Stock Analysis

Sun Hing Printing Holdings (HKG:1975) Is Doing The Right Things To Multiply Its Share Price

SEHK:1975
Source: Shutterstock

If we want to find a stock that could multiply over the long term, what are the underlying trends we should look for? Amongst other things, we'll want to see two things; firstly, a growing return on capital employed (ROCE) and secondly, an expansion in the company's amount of capital employed. If you see this, it typically means it's a company with a great business model and plenty of profitable reinvestment opportunities. Speaking of which, we noticed some great changes in Sun Hing Printing Holdings' (HKG:1975) returns on capital, so let's have a look.

Understanding Return On Capital Employed (ROCE)

For those that aren't sure what ROCE is, it measures the amount of pre-tax profits a company can generate from the capital employed in its business. To calculate this metric for Sun Hing Printing Holdings, this is the formula:

Return on Capital Employed = Earnings Before Interest and Tax (EBIT) ÷ (Total Assets - Current Liabilities)

0.18 = HK$107m ÷ (HK$699m - HK$99m) (Based on the trailing twelve months to June 2023).

Thus, Sun Hing Printing Holdings has an ROCE of 18%. In absolute terms, that's a satisfactory return, but compared to the Commercial Services industry average of 8.2% it's much better.

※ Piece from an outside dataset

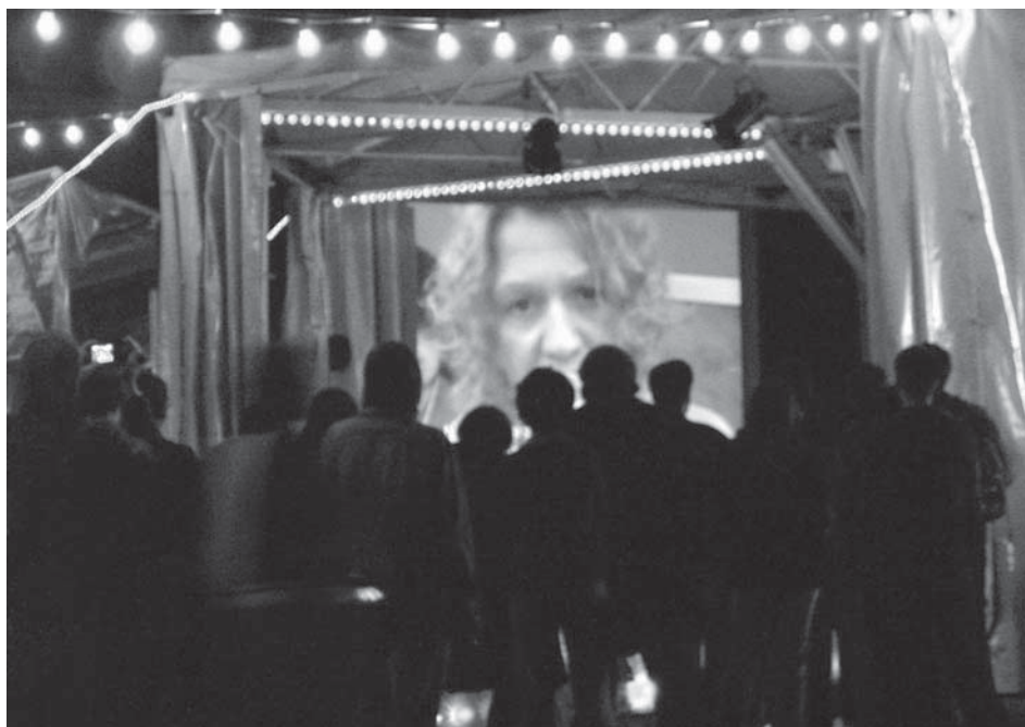
„Pablo Plusi supermarketis”. Vaataja põrkus selle ja mitme teisegi festivalilavastuse puhul küsimusega, miks valiti just selline tehniline lahendus, ilmselgelt igavam ja seega ka ärritavam kui traditsiooniline teater oma elava esinejaga.

luutselt ühist sotsiaalset mõõdet, nii et ainukese tõsiselt võetava võimalusena jääbki üle uurida oma kogemusvälja ning püüda seda siis mingil viisil abstraherida ja üldistada.

View our latest analysis for Sun Hing Printing Holdings

roce
SEHK:1975 Return on Capital Employed October 3rd 2023

Historical performance is a great place to start when researching a stock so above you can see the gauge for Sun Hing Printing Holdings' ROCE against it's prior returns. If you'd like to look at how Sun Hing Printing Holdings has performed in the past in other metrics, you can view this free graph of past earnings, revenue and cash flow.

The Trend Of ROCE

Sun Hing Printing Holdings is displaying some positive trends. Over the last five years, returns on capital employed have risen substantially to 18%. The amount of capital employed has increased too, by 107%. So we're very much inspired by what we're seeing at Sun Hing Printing Holdings thanks to its ability to profitably reinvest capital.

The Key Takeaway

A company that is growing its returns on capital and can consistently reinvest in itself is a highly sought after trait, and that's what Sun Hing Printing Holdings has. Since the stock has returned a solid 46% to shareholders over the last five years, it's fair to say investors are beginning to recognize these changes. With that being said, we still think the promising fundamentals mean the company deserves some further due diligence.

If you want to continue researching Sun Hing Printing Holdings, you might be interested to know about the 2 warning signs that our analysis has discovered.

If you want to search for solid companies with great earnings, check out this free list of companies with good balance sheets and impressive returns on equity.

New: Manage All Your Stock Portfolios in One Place

We've created the ultimate portfolio companion for stock investors, and it's free.

• Connect an unlimited number of Portfolios and see your total in one currency
• Be alerted to new Warning Signs or Risks via email or mobile
• Track the Fair Value of your stocks

Try a Demo Portfolio for Free

Have feedback on this article? Concerned about the content? Get in touch with us directly. Alternatively, email editorial-team (at) simplywallst.com.

This article by Simply Wall St is general in nature. We provide commentary based on historical data and analyst forecasts only using an unbiased methodology and our articles are not intended to be financial advice. It does not constitute a recommendation to buy or sell any stock, and does not take account of your objectives, or your financial situation. We aim to bring you long-term focused analysis driven by fundamental data. Note that our analysis may not factor in the latest price-sensitive company announcements or qualitative material. Simply Wall St has no position in any stocks mentioned.